# RV Water Consumption statistics



## Tamarack RV (Jan 7, 2005)

Hi, I am looking for statistics on the amount of water used by the average RV as compared to a average three bedroom two bath house. Any help would be appreciated. Dan


----------



## Gruffy (Jan 7, 2005)

RV Water Consumption statistics

Less... but I suspect you know that... just from the design of the toilett.

RV's don't have water meters.... some people shower... some people bath... many use camp ground showers so their water use would not show up.

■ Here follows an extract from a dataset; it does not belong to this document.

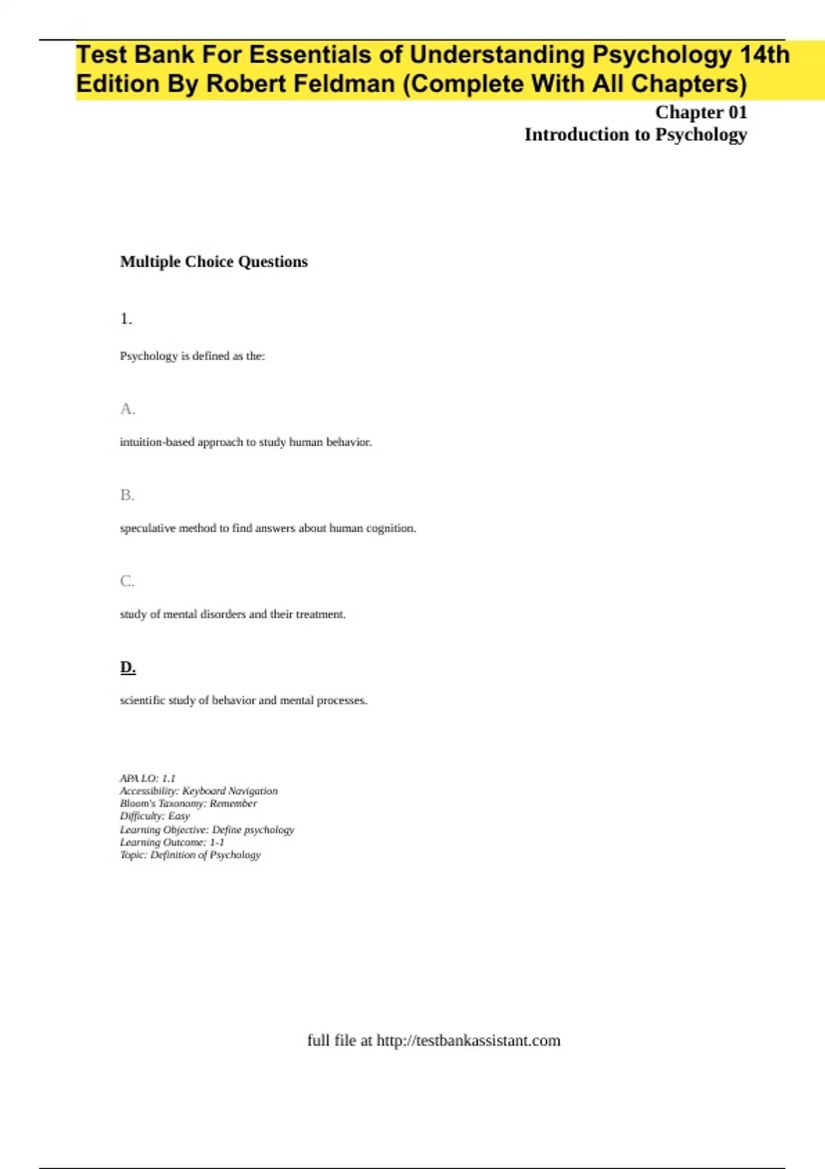 Test Bank For Essentials of Understanding Psychology 14th Edition By Robert Feldman (Complete With All Chapters)

What are you trying to calculate???  A hook up in your yard???  That would probably be as much water as a live in house guest would consume.


----------



## John Harrelson (Jan 9, 2005)

RV Water Consumption statistics

Hi Dan,

Gruffy is right...  I can tell you what I use, but I am not the average RVer.. Plus I am single with no pets,, nothing... just me.. and I'm an old military man set in the military ways..

I drink/eat about 1 to 1 1/2 gallons of water each day.... thats coffee, tea, hot cereal and just plain water.

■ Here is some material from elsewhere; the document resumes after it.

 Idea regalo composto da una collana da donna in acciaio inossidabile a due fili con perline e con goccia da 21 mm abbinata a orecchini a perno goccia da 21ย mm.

I use about one pint of water for brushing teeth.

I probably use one gallon each day to wash my hands, like after potty trip..

I also use about 4 to 5 gallons of water for a shower... yes, that is all I use because I take a Navy shower.. 

15 seconds to get wet,, 30 seconds to soap up  and 60 seconds to rinse off.. I never turn on the water all the way, only enough to get a spray coming out of the shower head..

And I use about three / four gallons per day, flushing the toilet because I use the "1 =1 and 2=2 rule" for toilet water usage..

Hope this helps,
John


----------



## Kirk (Jan 9, 2005)

RV Water Consumption statistics

I'm not sure that there is an average RV? Different RVs have a different numbers of people in them, and each of them probably use a different amount of water than any other RVer uses. And each of use do things differently at different times. When we park where we are dry camped, with no external water supply, it is much different than when we are connected to city water. And then if dry camped, for how long? If for just one night, most conserve very little. But if we plan to stay for a week, or even longer, then we go to great lengths to conserve. 

For anyone to give you any usefull information, you need to give us more information about what you are looking for?


----------



## Poppa (Jan 10, 2005)

RV Water Consumption statistics

Depends on how many kids you have along.


----------